Assigned task: Below are some records. Retype exactly the lines from the one containing "Stylish extra modern" through the one containing "High resolution picture, free", both included, skipping every picture.

Exercise data:

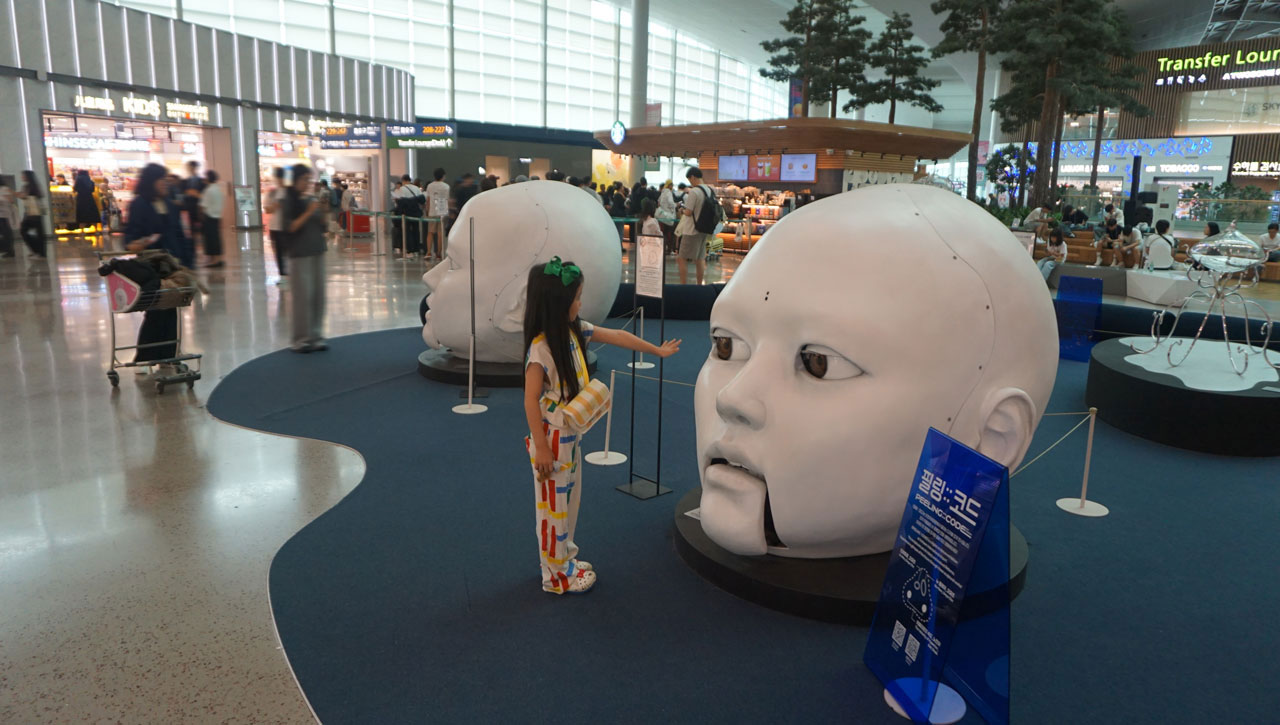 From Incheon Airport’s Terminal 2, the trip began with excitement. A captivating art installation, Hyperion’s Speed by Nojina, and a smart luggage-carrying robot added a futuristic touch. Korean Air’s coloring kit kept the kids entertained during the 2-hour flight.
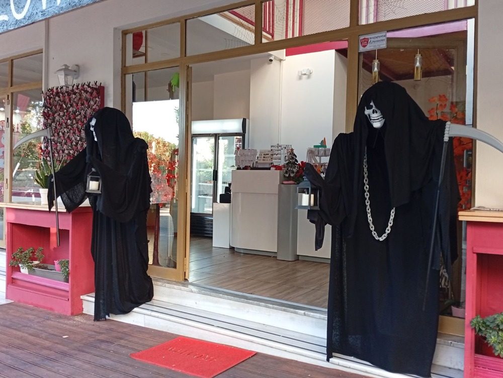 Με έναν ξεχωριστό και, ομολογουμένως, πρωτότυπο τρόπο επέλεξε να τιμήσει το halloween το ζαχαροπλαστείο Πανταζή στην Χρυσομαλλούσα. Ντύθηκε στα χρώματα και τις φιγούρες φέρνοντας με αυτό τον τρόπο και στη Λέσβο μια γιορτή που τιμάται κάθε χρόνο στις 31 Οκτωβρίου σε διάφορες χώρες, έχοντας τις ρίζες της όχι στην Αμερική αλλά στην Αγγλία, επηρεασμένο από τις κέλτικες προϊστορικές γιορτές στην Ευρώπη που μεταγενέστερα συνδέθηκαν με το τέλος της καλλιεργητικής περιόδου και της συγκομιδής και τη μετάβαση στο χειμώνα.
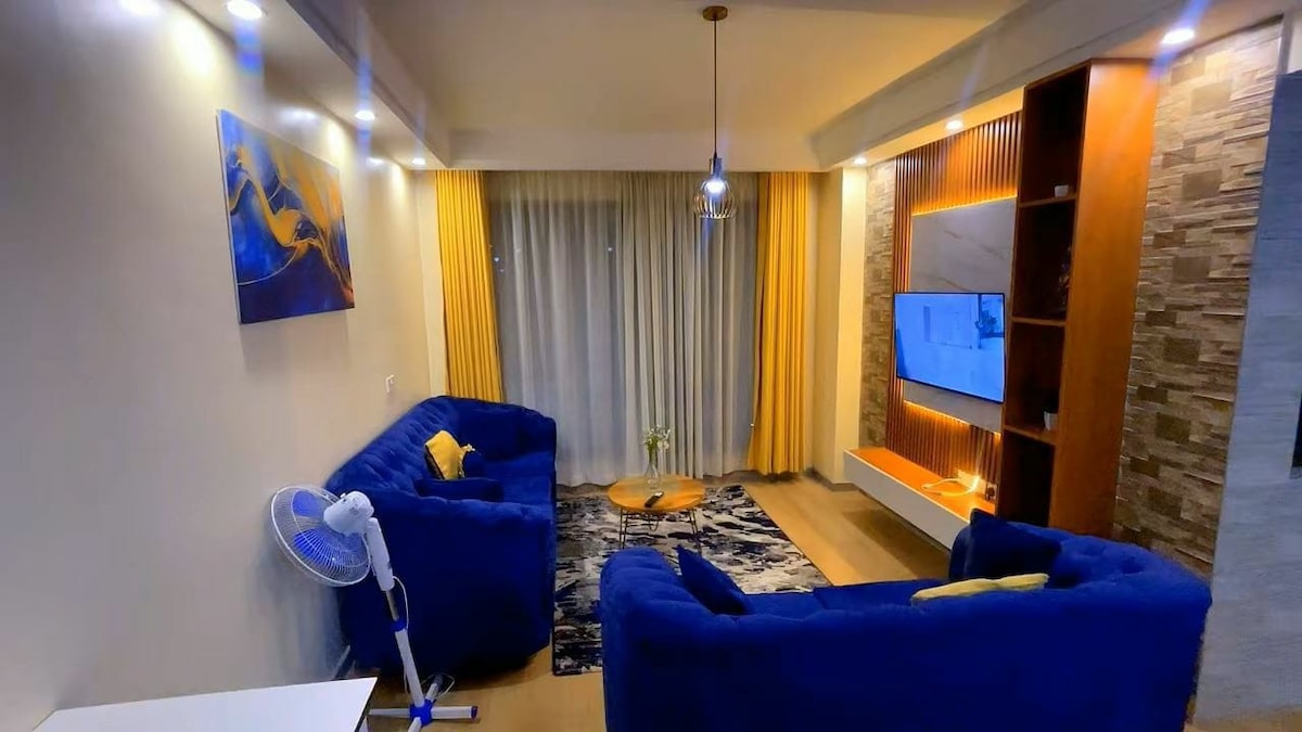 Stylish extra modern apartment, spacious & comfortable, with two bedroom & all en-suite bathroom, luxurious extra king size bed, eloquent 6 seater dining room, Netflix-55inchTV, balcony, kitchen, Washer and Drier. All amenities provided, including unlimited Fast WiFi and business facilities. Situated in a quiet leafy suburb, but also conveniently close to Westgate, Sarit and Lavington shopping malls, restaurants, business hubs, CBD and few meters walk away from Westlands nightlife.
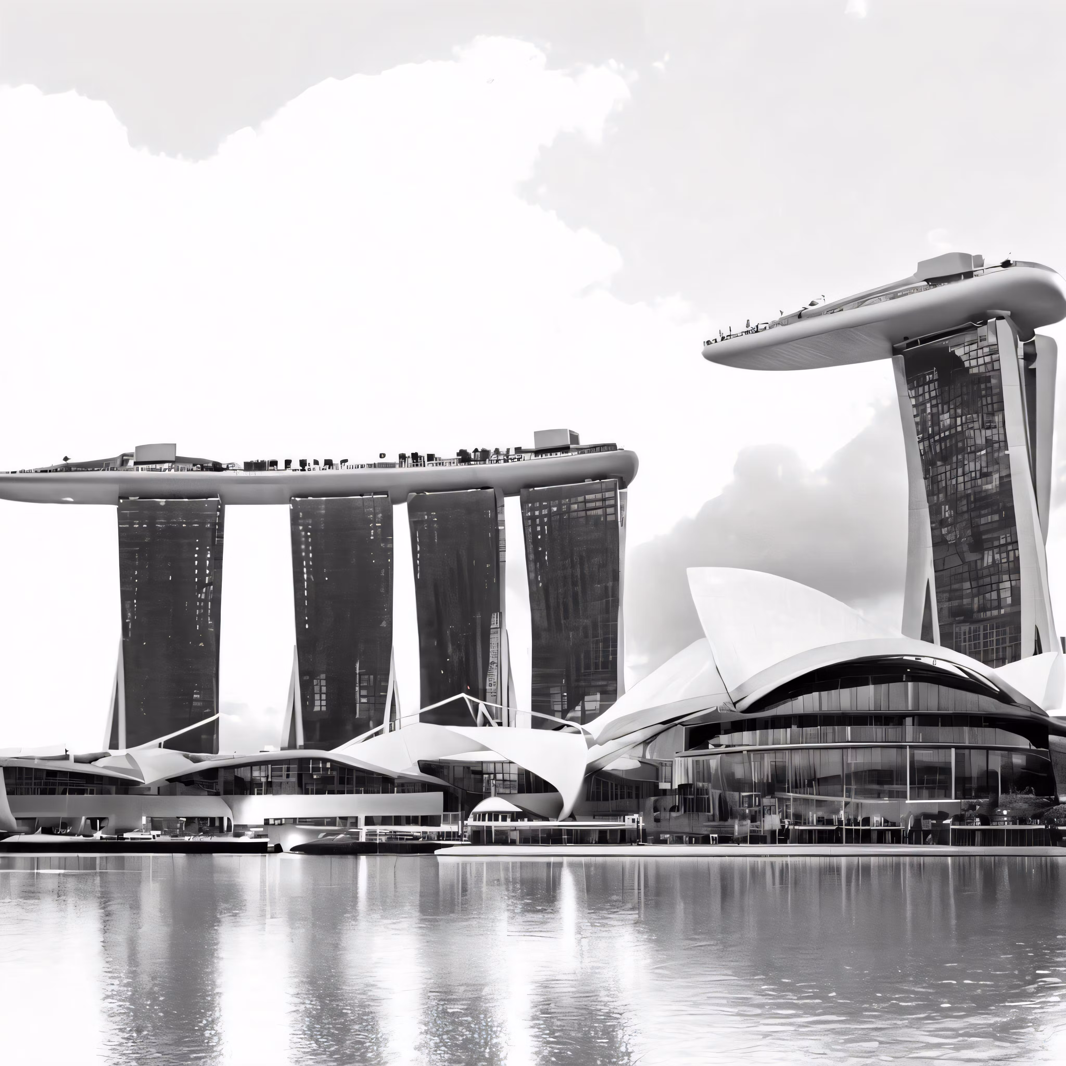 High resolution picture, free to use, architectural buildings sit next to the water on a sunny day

...

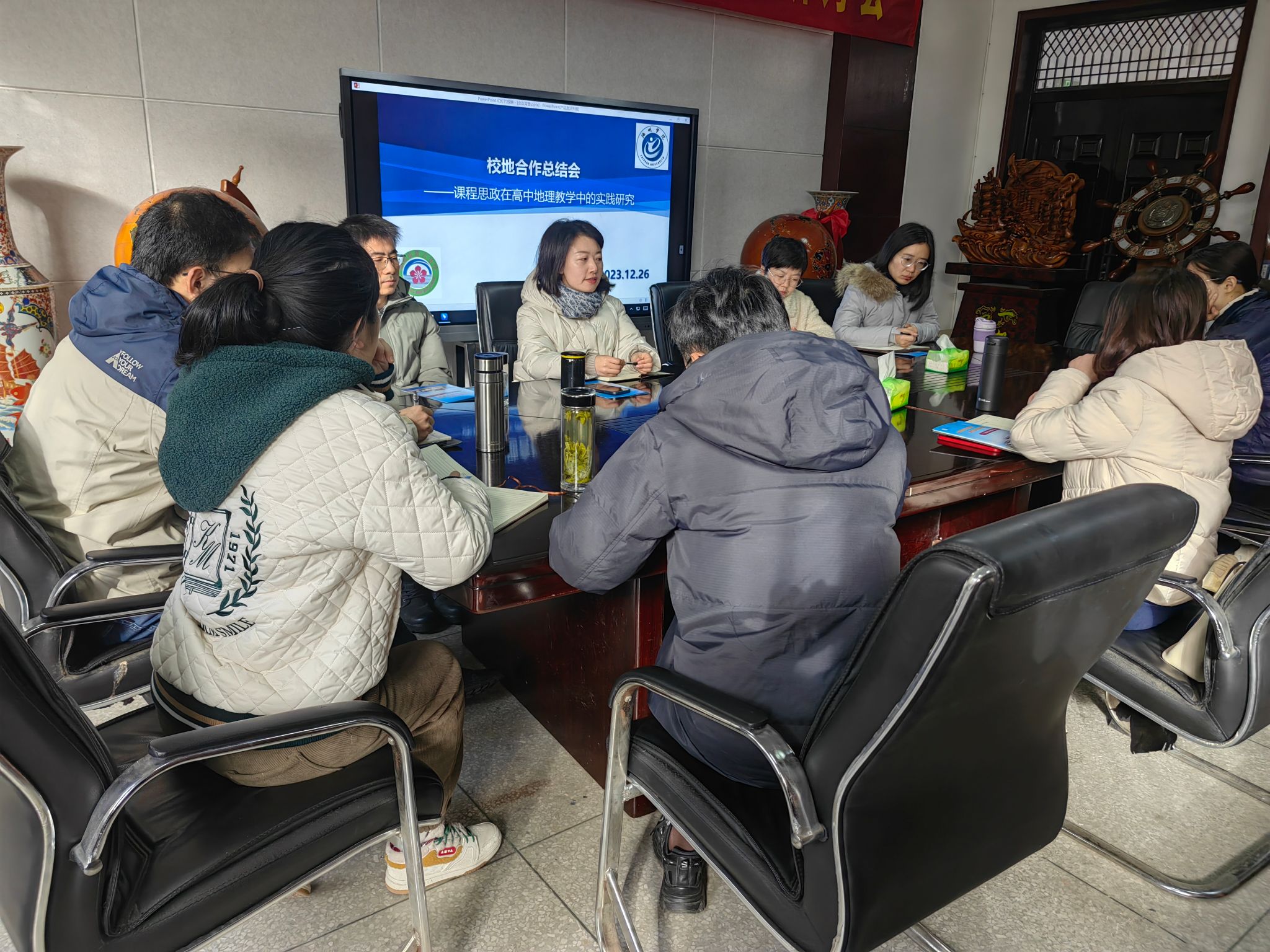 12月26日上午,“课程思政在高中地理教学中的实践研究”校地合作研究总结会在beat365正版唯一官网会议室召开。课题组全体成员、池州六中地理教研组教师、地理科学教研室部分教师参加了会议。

...

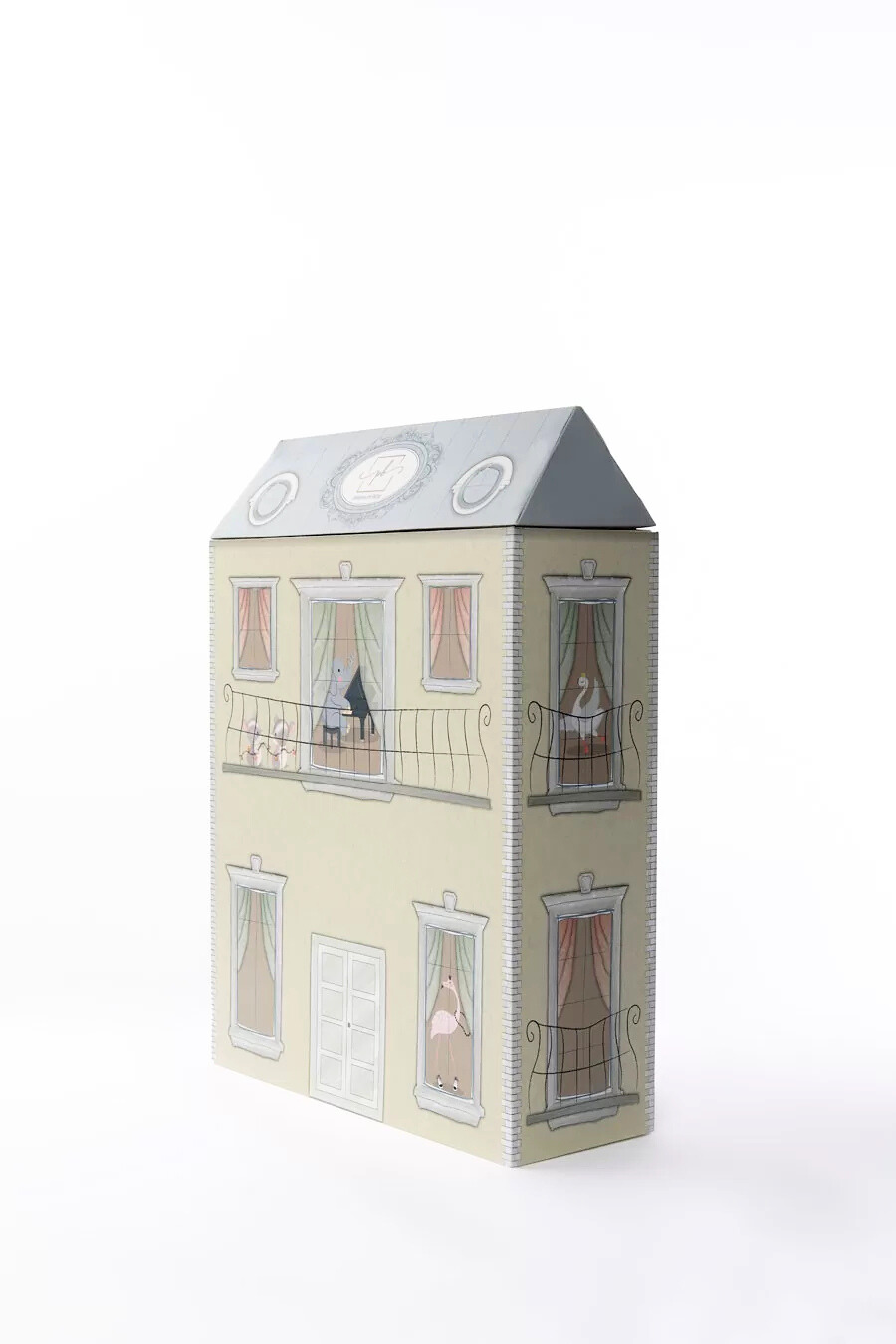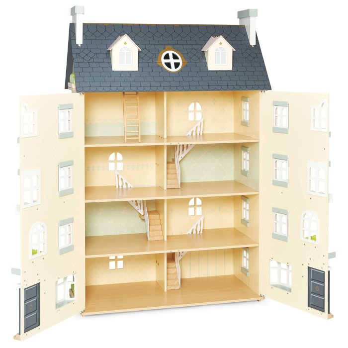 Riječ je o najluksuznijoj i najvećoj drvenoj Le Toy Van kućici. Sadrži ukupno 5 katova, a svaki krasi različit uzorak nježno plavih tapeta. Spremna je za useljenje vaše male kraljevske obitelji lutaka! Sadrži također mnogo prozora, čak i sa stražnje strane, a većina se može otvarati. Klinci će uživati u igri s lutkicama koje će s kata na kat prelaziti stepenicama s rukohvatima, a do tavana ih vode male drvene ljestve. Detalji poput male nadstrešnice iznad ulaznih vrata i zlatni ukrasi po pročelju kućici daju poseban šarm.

The completed task:
 Stylish extra modern apartment, spacious & comfortable, with two bedroom & all en-suite bathroom, luxurious extra king size bed, eloquent 6 seater dining room, Netflix-55inchTV, balcony, kitchen, Washer and Drier. All amenities provided, including unlimited Fast WiFi and business facilities. Situated in a quiet leafy suburb, but also conveniently close to Westgate, Sarit and Lavington shopping malls, restaurants, business hubs, CBD and few meters walk away from Westlands nightlife.
 High resolution picture, free to use, architectural buildings sit next to the water on a sunny day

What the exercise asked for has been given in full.